Source: FanGraphs
Well, at least the Yankees showed some Fighting Spirit in Sunday’s game. They very nearly rallied to erase an early 7-0 deficit — they brought the winning run to the plate in the ninth! — but ultimately could not finish the comeback. Alas. The final score as 7-6 Rangers. The Yankees have lost ten of their last 12 games now, yet somehow remain in first place in the AL East. The Red Sox can’t be too happy about that. Anyway, let’s recap with bullet points because it’s Sunday:
- Small Mike: It is becoming increasing clear Michael Pineda’s strong start to the season was nothing more than a classic Michael Pineda hot streak that happened to occur at the start of the season. Nothing’s really changed. He allowed three runs in the first inning Sunday afternoon, including a two-out two-run homer to Adrian Beltre, then he gave up three more in the second, all on a two-out three-run homer by Shin-Soo Choo. Here are his slider locations. Hanger city. Pineda finished the afternoon with seven runs allowed in four innings. He’s allowed at least five runs in three of his last five starts.
- Four-Run Rally: All praise the obstruction rule. Nick Martinez struck out Austin Romine for the third out of the fifth inning, but the ball got away from catcher Jonathan Lucroy, and Martinez got in Romine’s way as he ran to first on the wild pitch. Romine beat the throw to first anyway, but the official call was obstruction on Martinez. Romine would have been awarded first anyway. That kept the inning alive for Aaron Judge and Gary Sanchez. Judge stroked a run-scoring single to center, then Sanchez followed with a three-run dinger into Monument Park. Suddenly a seven-run deficit became a three-run deficit. Hmmm.

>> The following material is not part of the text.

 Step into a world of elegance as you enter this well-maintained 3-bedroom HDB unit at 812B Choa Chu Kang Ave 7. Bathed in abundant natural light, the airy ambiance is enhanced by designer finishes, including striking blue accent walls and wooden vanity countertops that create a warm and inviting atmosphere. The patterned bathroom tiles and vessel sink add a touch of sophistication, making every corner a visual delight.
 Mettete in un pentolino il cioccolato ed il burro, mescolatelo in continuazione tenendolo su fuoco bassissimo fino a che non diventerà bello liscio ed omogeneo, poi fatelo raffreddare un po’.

- Two More Runs: The comeback got serious in the seventh inning. Ronald Torreyes smacked a solo home run to get the Yankees to within 7-5 — the best part? Didi Gregorius picked up Judge to he could high-five Torreyes (video) — then two two-out walks set up Gregorius for a run-scoring single to right. Unfortunately, Sanchez got thrown out going first-to-third on the single to end the inning. Third out at third base down a run? Yuck. The Yankees couldn’t do anything after Chase Headley’s leadoff double in the eighth, then Sanchez struck out with Judge on first base to end the game in the ninth. Bah. At least the offense showed some life. Haven’t seen much of that lately.
- The Unsung Heroes: Shout out to the bullpen for making the comeback attempt possible. Tyler Webb (one inning), Chad Green (two innings), Dellin Betances (one inning), and Aroldis Chapman (one inning) combined for five zeroes after Pineda was removed. Two hits, two walks, seven strikeouts in those five innings. The bullpen has been pretty terrible the last two weeks or so. They did the job Sunday though. They gave the offense a chance to get back in the game. The bats just ran out of innings.

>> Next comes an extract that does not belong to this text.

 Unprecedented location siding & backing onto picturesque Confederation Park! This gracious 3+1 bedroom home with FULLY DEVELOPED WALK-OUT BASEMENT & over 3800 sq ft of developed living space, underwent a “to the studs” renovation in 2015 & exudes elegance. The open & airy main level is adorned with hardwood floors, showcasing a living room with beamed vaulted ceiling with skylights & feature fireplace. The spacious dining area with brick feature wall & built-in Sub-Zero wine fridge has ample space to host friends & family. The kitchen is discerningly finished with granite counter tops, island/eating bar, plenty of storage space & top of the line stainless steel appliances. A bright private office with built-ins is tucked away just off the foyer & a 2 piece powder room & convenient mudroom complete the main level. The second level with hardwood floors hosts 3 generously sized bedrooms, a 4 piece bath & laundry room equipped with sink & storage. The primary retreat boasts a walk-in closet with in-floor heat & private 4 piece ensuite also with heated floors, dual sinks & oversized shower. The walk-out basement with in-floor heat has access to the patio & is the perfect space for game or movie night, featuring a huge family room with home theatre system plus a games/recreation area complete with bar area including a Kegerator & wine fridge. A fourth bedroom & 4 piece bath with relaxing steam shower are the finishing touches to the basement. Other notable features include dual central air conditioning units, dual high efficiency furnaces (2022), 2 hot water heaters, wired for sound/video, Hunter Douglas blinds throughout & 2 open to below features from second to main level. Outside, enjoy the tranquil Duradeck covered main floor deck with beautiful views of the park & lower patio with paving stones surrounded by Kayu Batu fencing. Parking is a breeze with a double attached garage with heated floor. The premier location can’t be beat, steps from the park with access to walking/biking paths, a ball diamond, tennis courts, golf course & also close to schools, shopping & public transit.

- Leftovers: Aaron Hicks left the game with an oblique injury and is heading to the disabled list … Starlin Castro was not available after receiving a cortisone shot in his wrist … Judge (two singles, two walks) reached base four times and Headley (two singles, double) reached three times … the Yankees had 14 baserunners and did go 3-for-6 with runners in scoring position … Judge stretched his on-base streak to 27 games. That’s the longest by a Yankee since Derek Jeter had a 36-gamer in 2012. The last Yankee rookie with an on-base streak that long was Gil McDougald in 1951. He did it in 29 straight.
Here are the box score, video highlights, and updated standings. Don’t miss our Bullpen Workload page either. The Yankees are now heading to Chicago for the second time this season. They swept the Cubs earlier this year and they’ll look to sweep the White Sox this week. It’s a four-game series. Lefties Jordan Montgomery and David Holmberg are Monday night’s scheduled starting pitchers.